The Need: A Human and Financial Crisis
Diabetic wounds have become a human and financial crisis. Addressing this crisis has become our initial target.
An estimated 1.5 million Americans have diabetic foot ulcers (DFU). More than half will become infected and 20% of these will lead to amputation. Patient survival two years after amputation is 62%; 31% after five years. The estimated US cost of DFU management is $9 billion to $13 billion per year - greater than prostate and breast cancer combined.
The numbers will get worse. The diabetes epidemic is driven in part by aging and the obesity epidemic, both of which are burgeoning. Diabetic wounds will grow by 112 percent between 2015 and 2020 from 25+ million Americans to 55 million.
The current standard of care heals only 25% to 35%. Existing therapies are limited in effectiveness, nonstandard in delivery and can be prohibitively expensive. Most of them treat symptoms rather than underlying causes. We are developing an alternative.
We Deliver A New Approach to Healing Diabetic Wounds
The cause of chronic diabetic wounds appears to be ischemic damage to tissue, a frequent cause of multiple debilitating diseases and death, including pressure wounds, sepsis and stroke in addition to diabetic wounds.
Ischemia is inadequate blood supply to an organ. It kills cells and damages tissues by depriving them of the oxygen and nutrients they need to stay alive.
A 25-year-old therapy called Remote Ischemic Conditioning (RIC) was developed to protect the body from ischemic damage. It is believed to prompt cellular signaling that releases multiple factors which activate the body’s innate mechanism for healing itself. RIC is delivered by using a blood pressure cuff and a systematic protocol to induce transient limb ischemia.

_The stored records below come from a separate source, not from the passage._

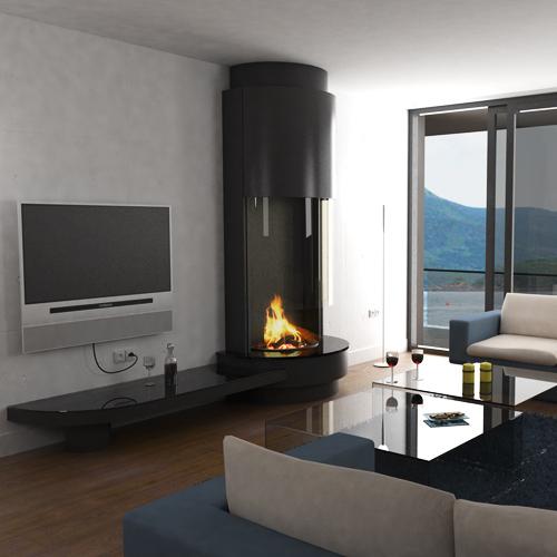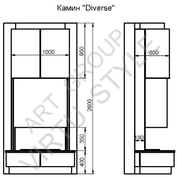 Камин Диверс С является пристенной модификацией центрального камина. Топочная часть выполнена из металла и полукруглого стекла. Может быть изготовлен в любом цвете по желанию заказчика.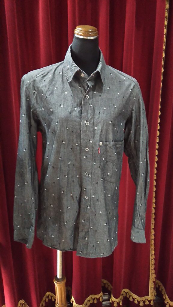 入荷したてのLEVISのMENSのダンガリー柄・シャツ、ミント・シャツ、新品のパープル×英字・カットソー、ホワイト×TOWN・Tシャツ、グレー×ネックレス柄・Tシャツ、新品のネイビー柄・Tシャツ
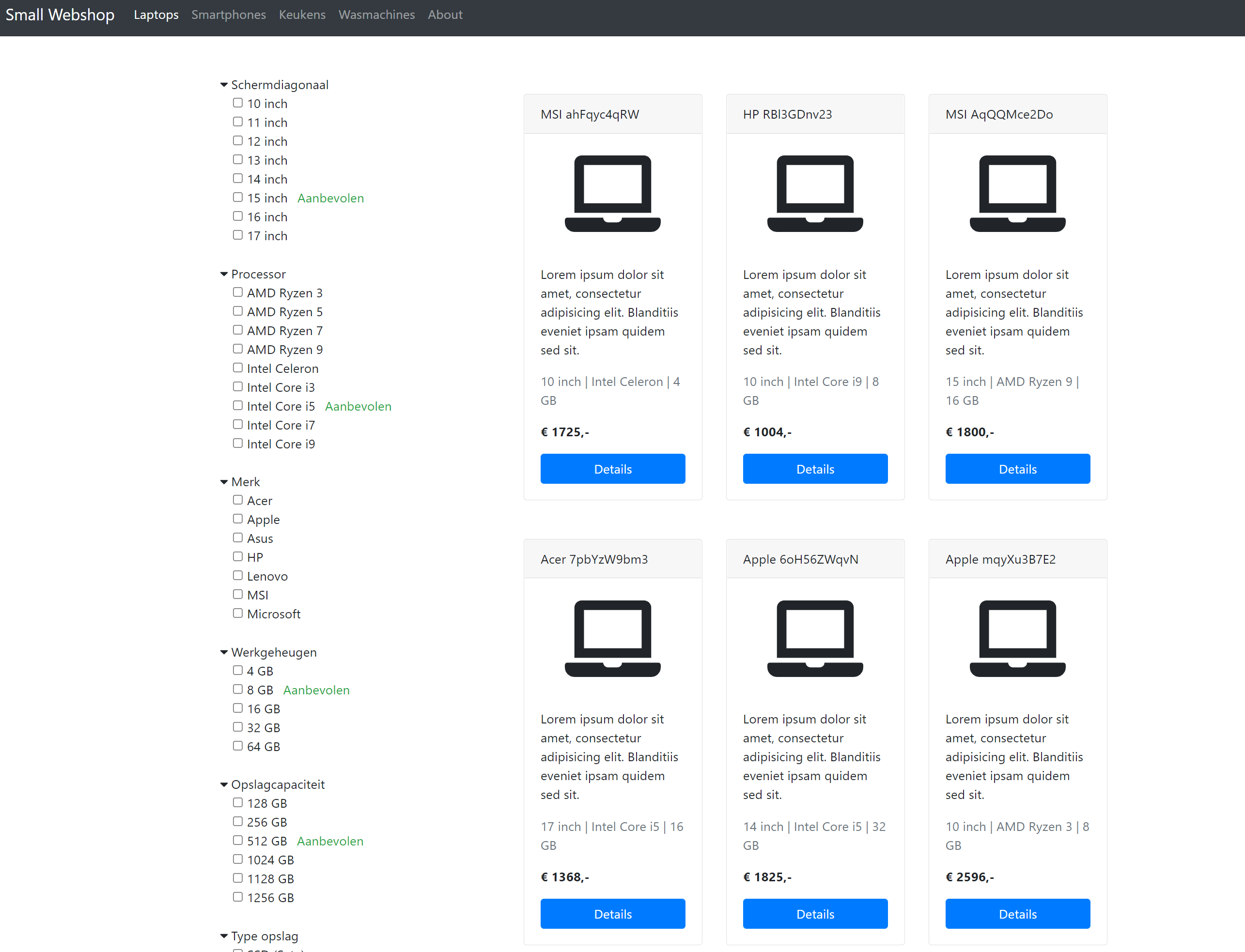 We bouwen een webshop pagina met een aantal laptops, waarvan de specificaties automatisch gegenereerd zijn. De website stelt de gebruiker in staat om de beschikbare laptops te filteren op basis van deze specificaties en om een detailpagina te bekijken.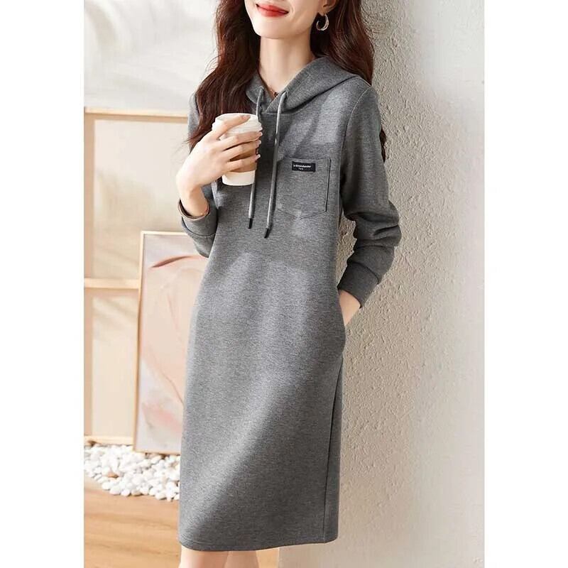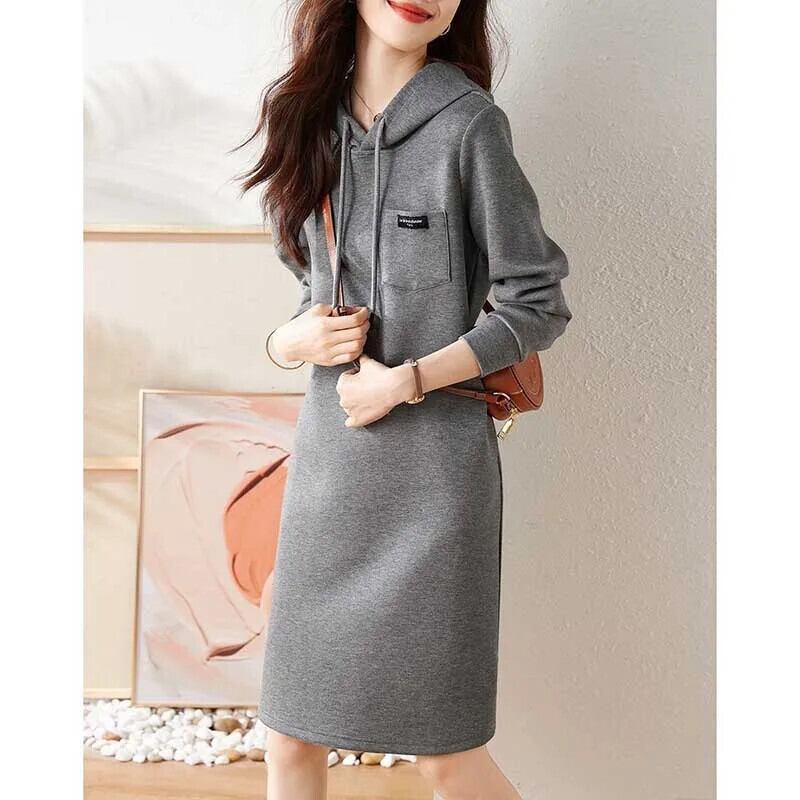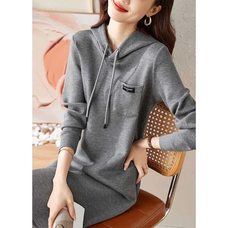 送料無料 ソリッドカラーのスプライスポケットレースアップフード付きミニドレス女性の 2024 春ルーズオールマッチドレス スプリング 春物 AE1288776690993843915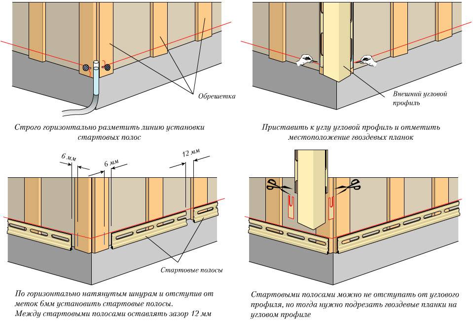 Важна правильная установка старта с соблюдением технологии работ. Обязательно проверяют горизонтальность элемента с помощью пузырькового уровня, а для разметки лучше подходит водяной трубчатый уровень или нивелир. Обрешетку под стартовый профиль для сайдинга делают так, чтобы он не изгибался в плоскости, иначе трудно будет защелкнуть на нем первую панель.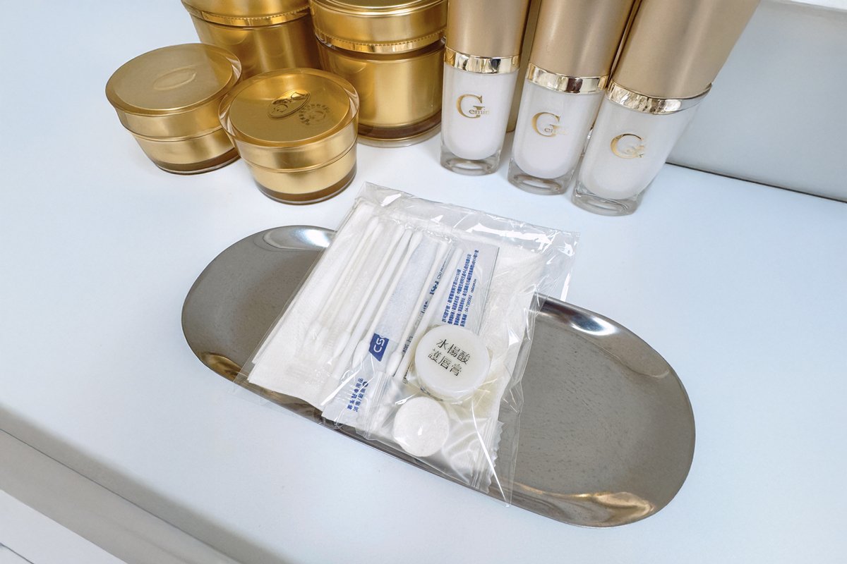 全程採用拋棄式衛生耗材,提供「一人一式護理包」,內含獨立包裝棉花棒、拋棄式洗臉巾、酒精棉片、水楊酸護唇膏與唇棒,使用更安心。

A 2015 Journal of the American College of Cardiology article states: “RIC is safe and effective, noninvasive, easily feasible, and inexpensive.”
Our Adjunctive Therapy Application Uses RIC in a New Way to Condition the Body to Heal Chronic Wounds
Our therapy application is Continual Remote Ischemic Conditioning (cRIC).

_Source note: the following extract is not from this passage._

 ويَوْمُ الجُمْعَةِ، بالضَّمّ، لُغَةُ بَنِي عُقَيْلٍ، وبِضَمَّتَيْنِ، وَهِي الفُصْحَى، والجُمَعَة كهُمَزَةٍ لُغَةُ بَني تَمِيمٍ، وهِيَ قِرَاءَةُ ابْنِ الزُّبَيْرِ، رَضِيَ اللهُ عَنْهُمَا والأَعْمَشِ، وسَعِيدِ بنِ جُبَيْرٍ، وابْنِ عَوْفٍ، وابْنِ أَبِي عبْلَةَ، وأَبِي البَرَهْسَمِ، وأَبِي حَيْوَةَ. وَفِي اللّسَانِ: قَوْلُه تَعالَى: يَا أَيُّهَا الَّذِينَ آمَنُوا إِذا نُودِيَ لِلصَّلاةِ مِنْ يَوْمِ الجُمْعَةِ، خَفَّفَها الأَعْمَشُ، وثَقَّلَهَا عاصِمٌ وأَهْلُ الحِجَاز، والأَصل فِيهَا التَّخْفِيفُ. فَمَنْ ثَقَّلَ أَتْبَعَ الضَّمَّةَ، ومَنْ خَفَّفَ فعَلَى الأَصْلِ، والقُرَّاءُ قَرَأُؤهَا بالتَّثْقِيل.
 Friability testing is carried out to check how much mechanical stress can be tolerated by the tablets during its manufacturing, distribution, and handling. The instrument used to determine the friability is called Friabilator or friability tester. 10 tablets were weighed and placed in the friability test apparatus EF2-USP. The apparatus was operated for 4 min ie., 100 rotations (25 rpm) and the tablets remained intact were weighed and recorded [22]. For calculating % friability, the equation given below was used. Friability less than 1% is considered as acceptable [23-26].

RIC. Blood flow is systematically blocked and restored for 40 minutes in 4 successive cycles by inflating a blood pressure cuff – just once before or during an acute event with the intention of protecting an organ from possible future damage.
Continual RIC. A systematic protocol repeats the basic RIC process 2-3 times per week for 12 weeks or more after 4 weeks of Standard of Care with the intention of healing a chronic condition and restoring healthy tissue.

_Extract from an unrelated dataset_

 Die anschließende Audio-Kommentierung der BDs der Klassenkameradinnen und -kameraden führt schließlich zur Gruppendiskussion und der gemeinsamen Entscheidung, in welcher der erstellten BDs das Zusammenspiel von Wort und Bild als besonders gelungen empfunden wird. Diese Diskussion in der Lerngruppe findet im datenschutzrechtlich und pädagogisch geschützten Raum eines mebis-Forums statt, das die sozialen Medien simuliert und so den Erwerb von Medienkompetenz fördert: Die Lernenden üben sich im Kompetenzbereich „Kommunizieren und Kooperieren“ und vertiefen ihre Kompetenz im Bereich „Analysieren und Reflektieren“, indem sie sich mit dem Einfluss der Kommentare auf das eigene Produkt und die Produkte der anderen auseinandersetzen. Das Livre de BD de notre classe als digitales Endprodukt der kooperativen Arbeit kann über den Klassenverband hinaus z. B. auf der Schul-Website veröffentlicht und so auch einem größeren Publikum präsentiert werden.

Yes, ischemia - inadequate blood flow – stops wounds from healing by depriving tissues of oxygen and nutrients they need to stay alive. But, managed in this way, temporary ischemia helps to activate the body’s self-healing and tissue regeneration.
Two studies have found Continual RIC therapy beneficial for diabetic foot ulcers
Advanced RIC Studies of Diabetic Foot Ulcers: Shaked
Dr. Gad Shaked, Head of the Trauma Unit at Soroka and Ben Gurion Universities in Beersheba, Israel published a study in February 2015 in Wound Repair and Generation conducted among 40 randomized and single blinded DFU patients.
Dosing: One group of 24 received standard of care plus 3 RIC therapies 2 weeks apart for 6 weeks. The other group of 16 received the standard of care plus 3 sham therapies two weeks apart for 6 weeks.
Healing Rate: The Shaked study achieved 41% healing – 9 of the 22 patients who completed the study – vs. none for the 12 patients who completed the sham therapy.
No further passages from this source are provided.